(THE INPUT Opens)

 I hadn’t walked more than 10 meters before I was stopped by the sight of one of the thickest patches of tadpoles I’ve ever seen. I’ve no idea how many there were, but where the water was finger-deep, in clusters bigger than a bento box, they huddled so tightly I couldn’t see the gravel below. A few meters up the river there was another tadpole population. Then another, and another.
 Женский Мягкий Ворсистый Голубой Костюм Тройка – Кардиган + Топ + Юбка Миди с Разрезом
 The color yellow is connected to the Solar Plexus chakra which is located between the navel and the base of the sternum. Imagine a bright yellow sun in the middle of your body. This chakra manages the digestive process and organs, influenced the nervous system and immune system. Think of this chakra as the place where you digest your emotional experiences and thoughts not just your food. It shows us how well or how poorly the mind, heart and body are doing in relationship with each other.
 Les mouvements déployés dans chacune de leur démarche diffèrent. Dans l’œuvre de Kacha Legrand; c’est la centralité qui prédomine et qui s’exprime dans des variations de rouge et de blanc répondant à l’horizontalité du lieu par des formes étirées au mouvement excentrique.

(THE INPUT Closes)
(THE INPUT Opens)

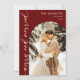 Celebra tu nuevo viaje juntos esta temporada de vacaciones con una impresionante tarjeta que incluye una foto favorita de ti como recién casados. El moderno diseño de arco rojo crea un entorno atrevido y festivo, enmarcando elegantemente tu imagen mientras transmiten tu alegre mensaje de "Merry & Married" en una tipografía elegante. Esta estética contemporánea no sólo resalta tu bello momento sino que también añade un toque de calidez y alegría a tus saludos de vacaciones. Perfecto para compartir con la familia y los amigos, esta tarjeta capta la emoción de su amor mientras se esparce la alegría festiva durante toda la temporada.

(THE INPUT Closes)
(THE INPUT Opens)

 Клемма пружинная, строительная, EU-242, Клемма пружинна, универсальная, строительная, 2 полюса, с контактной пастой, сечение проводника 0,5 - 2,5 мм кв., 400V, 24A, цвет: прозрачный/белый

(THE INPUT Closes)

▶ **REQUIRED WORK**:
When you reach the line containing "I hadn’t walked" in the data above, start copying exactly, and stop after the line containing "Женский Мягкий Ворсистый".

▶ **EXERCISE RESULT**:
 I hadn’t walked more than 10 meters before I was stopped by the sight of one of the thickest patches of tadpoles I’ve ever seen. I’ve no idea how many there were, but where the water was finger-deep, in clusters bigger than a bento box, they huddled so tightly I couldn’t see the gravel below. A few meters up the river there was another tadpole population. Then another, and another.
 Женский Мягкий Ворсистый Голубой Костюм Тройка – Кардиган + Топ + Юбка Миди с Разрезом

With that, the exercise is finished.